Your questions about swimming as a triathlete, answered by coach and professional triathlete Sara McLarty.
Q: What’s the best drill to promote a strong pull phase?
A: Single-arm drills are the best way to focus on every phase of the stroke, including the pull. The non-swimming arm should be kept at your side to allow and promote torso rotation while performing the drills. The basic version is with no equipment. Start with 6×25, alternating arms each 25. A more advanced single-arm drill is performed with a paddle to provide a bigger surface area during the pull. While the focus is on the pull during these drills, don’t forget to rotate your torso enough that your non-stroking shoulder pops out of the water.
Q: Hip-driven or shoulder-driven for long-distance open-water swimming?
A: This is a great question because the best answer is a hybrid of the two methods. A typical hip-driven freestyle is predominantly used for longer distance events because it allows the stronger torso and core muscles to be utilized while the shoulder-driven method is universal in the 50-meter sprint because it allows for a high stroke rate. Analysis of open-water swimmers and triathletes found that a high stroke rate is needed to be successful in the open water because the water can be moving and turbulent from currents, wind, waves and other swimmers. Endurance open-water athletes use a hip-driven technique to utilize bigger and stronger muscles to get through the 1500-meter to 10K events.
Q: My training plan has me using a pull buoy often.
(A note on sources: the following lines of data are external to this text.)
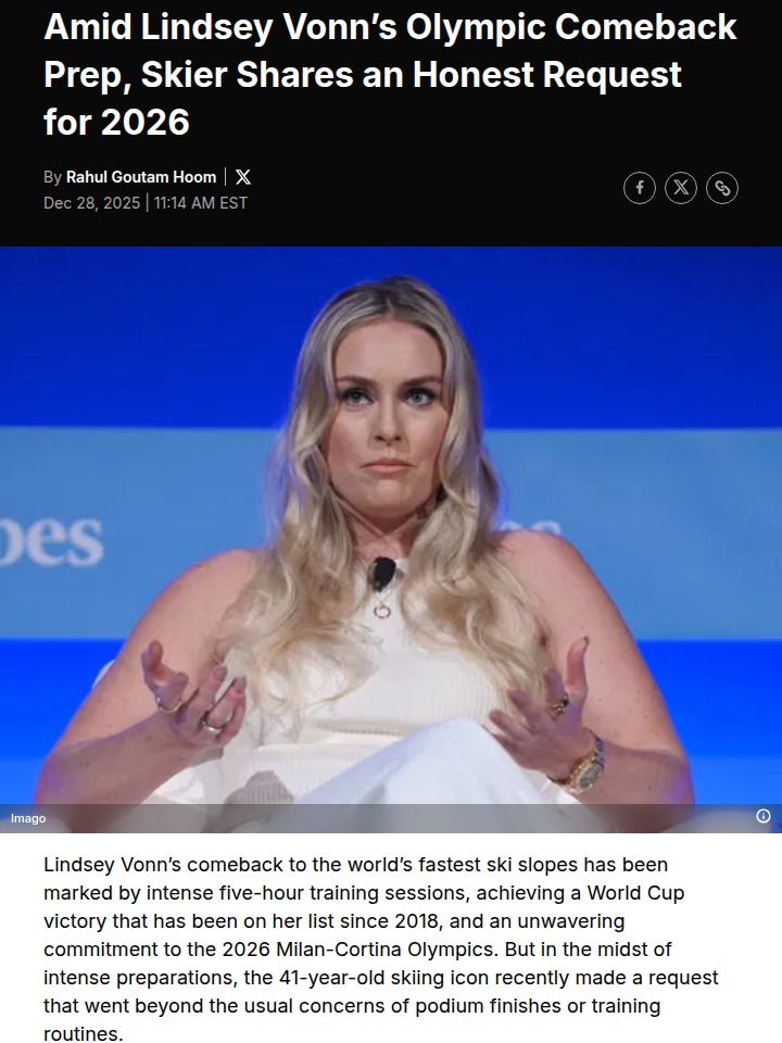 Dawn Fritz+FollowVonn’s Comeback: Queen of the Slopes Rises AgainLindsey Vonn, aka the Queen of the Slopes, just proved age is just a number! After a brutal injury and a six-year break, she came back with a vengeance, grabbing 2nd in the Super-G at Sun Valley and becoming the oldest woman to podium in a World Cup. Her honesty about frustration and doubt makes this comeback even more epic. Anyone else inspired to never count out a legend? #Sports #LindseyVonn #Skiing20Share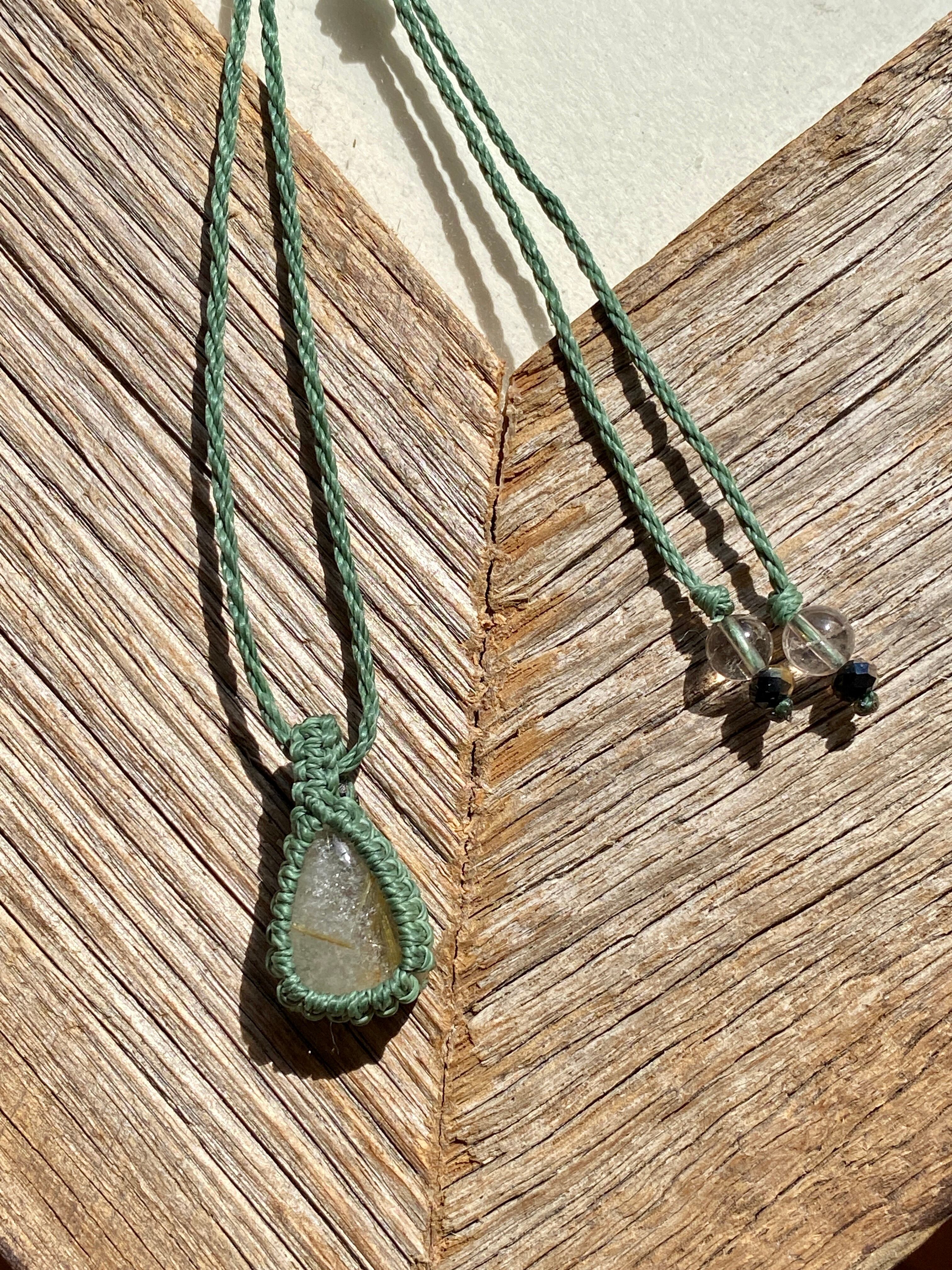healing☆タイタンルチルクォーツ天然石マクラメネックレス/日々のお守りアクセサリー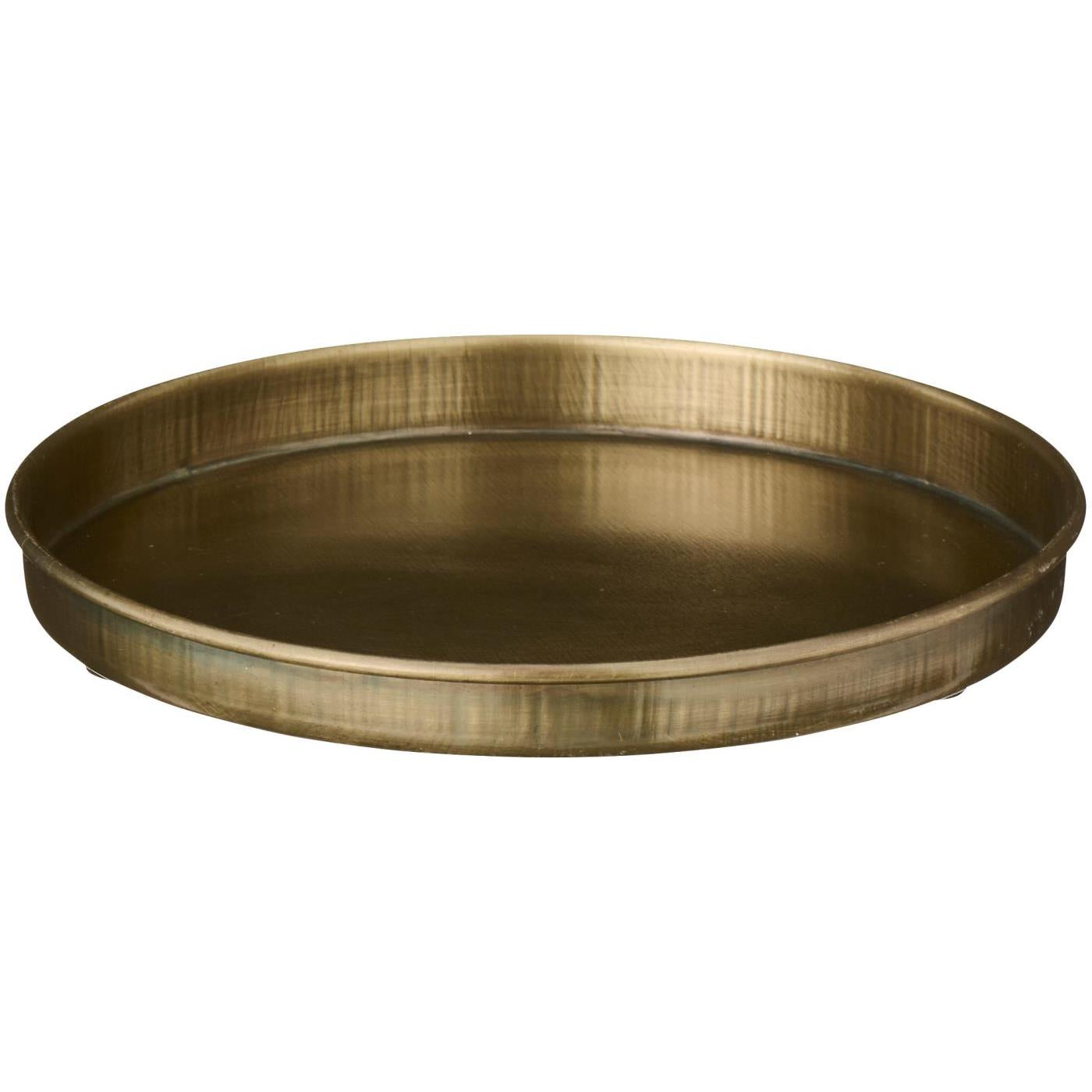 Rund lysbakke i metal med kant i farven antique messing fra Ib Laursen.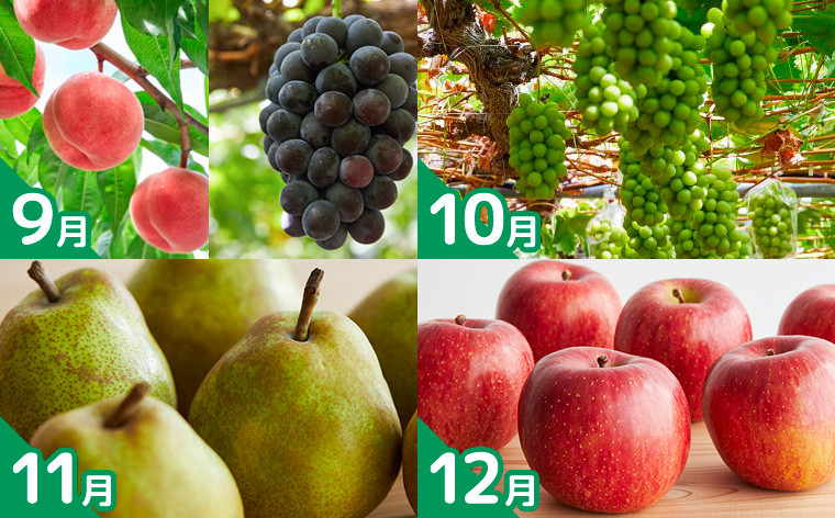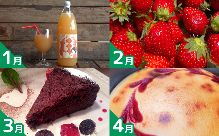 | 容量 | ☆ご入金確認後、翌月以降に記載の商品から全12回お届けいたします☆ ※配送開始月の指定は出来かねます。 【1月】 自家製りんごのりんごジュース 1000ml×4本 (1/15~2/15) 常温 【2月】 いちご【とちおとめ】 秀品 Lサイズ以上 250g~270g×4P (2/15~3/15) 冷蔵 【3月】 ガトーショコラ 5号サイズ(直径約15CM)×2ホール (3/15~4/15) 冷凍 【4月】 ラズベリーチーズケーキ 5号サイズ(直径約15CM)×2ホール (4/15~5/15) 冷凍 【5月】 1年熟成りんご酢 275ml×5本 (5/10~6/10) 常温 【6月】 さくらんぼ【佐藤錦】Lサイズ 約700g (6/10~7/5) 冷蔵 【7月】 青肉メロン【アンデスメロン】 秀品 2L~4L 約4.5kg(3~5玉) (7/5~8/5) 常温 【8月】 山形白桃【柔らかくなる桃】 秀品 約3kg(6~14玉) (8/5~9/5) 冷蔵 【9月】 山形白桃とピオーネのセット 秀品 約1.3kg(硬めの桃 約300~400g×2玉 )(ピオーネ 500~700g ×1房) (9/5~10/5) 冷蔵 【10月】 シャインマスカット 秀品 約1.2kg(500~700g ×2房) (9/25~10/25) 冷蔵 【11月】 山形ラ・フランス 秀品 約3kg(6~14玉) ( 11/1~12/1) 常温 【12月】 りんご【極めふじ】(無袋) 秀品 約3kg(6~14玉) (11/25~12/25) 常温 |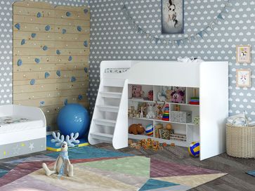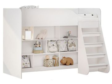 Характеристики: <br>Материал каркаса: ЛДСП.<br> Рекомендуемая высота матраса: 180-200 мм.<br> Максимальная нагрузка на спальное место: 100 кг.<br> Максимальная нагрузка на лестничную перекладину: 70 кг.<br> Ориентация сборки: универсальная.<br> Наполнение: открытый стеллаж с полочками.<br> <br>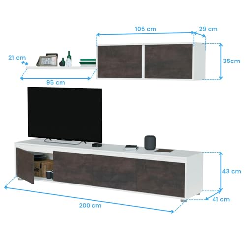 Habitdesign Mueble de Salon Moderno, Modulos de Comedor, Modelo Alida, Acabado en Blanco Artik y Oxido, Medidas: 200 cm (Ancho) x 43 cm (Alto) 41 cm (Fondo)
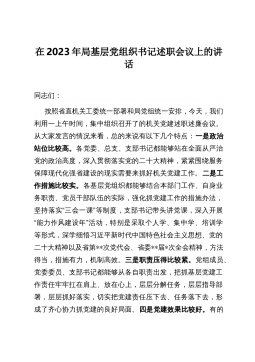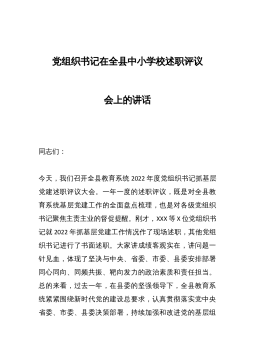 在全县中小学校2022年党组织书记述职评议会上的讲话同志们:今天,我们召开全县教育系统2022年度党组织书记抓基层党建述职评议大会。一年一度的述职评议,既是对全县教育系统基层党建工作的全面盘点梳理,也是对各级党组织书记聚焦主责主业的督促提醒。刚才,XXX等X位党组织书记就2022年抓基层党建工作情况作了现场述职,其他党组织书记进行了书面述职。大家讲成绩客观实在,讲问题一针见血,体现了坚决与中央、省委、市委、县委安排部署同心同向、同频共振、靶向发力的政治素质和责任担当。总的来看,过去一年,在县委的坚强领导下,全县教育系统紧紧围绕新时代党的建设总要求,认真贯彻落实党中央、省委、市委、县委决策部署,...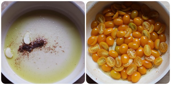 In einem großen Topf etwas Öl erhitzen und den Knoblauch darin anbraten. Wenn er zu brutzeln beginnt, das Sardellenfilet hinzufügen und zerdrückt mit einem Löffelrücken schmelzen lassen, dann die gelben Tomaten hinzufügen.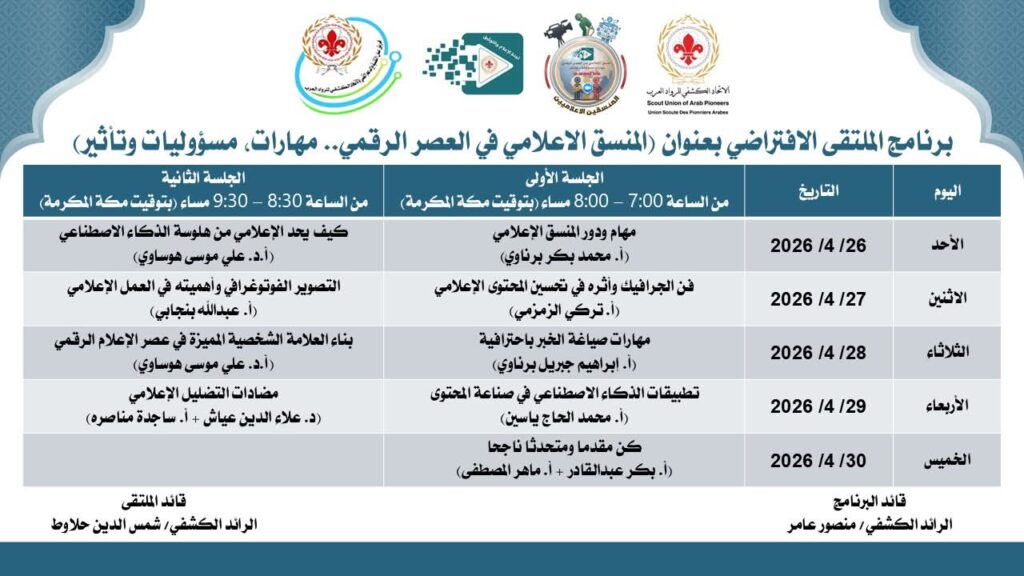 يمتد البرنامج خلال الفترة من 26 إلى 30 أبريل 2026، ويهدف إلى تمكين الممارسين الإعلاميين من أدوات العصر الحديث وتعزيز قدراتهم على إدارة المحتوى الرقمي بفاعلية واحترافية.

What are the advantages to using one? Am I supposed to be kicking while using it?
A: I am cautious of swim training that overuses a pull buoy because it does not let you develop a natural stroke technique and can prevent the timing and connection between stroke and kick. Some coaches encourage use of a buoy when prepping for wetsuit-legal events. However, the pull buoy hinders the ability to kick and inhibits proper torso rotation. Many wetsuit manufacturers have developed neoprene shorts to provide greater flotation of the lower body but still allow the legs to move in time with the arm stroke. If you ever have questions regarding your training plan, ask your coach! Athlete-coach communication is key and a coach should provide a reason for his or her training methods.
Pro triathlete and swim coach Sara McLarty has 25-plus years of experience and knowledge about swimming mechanics, efficiency and technique.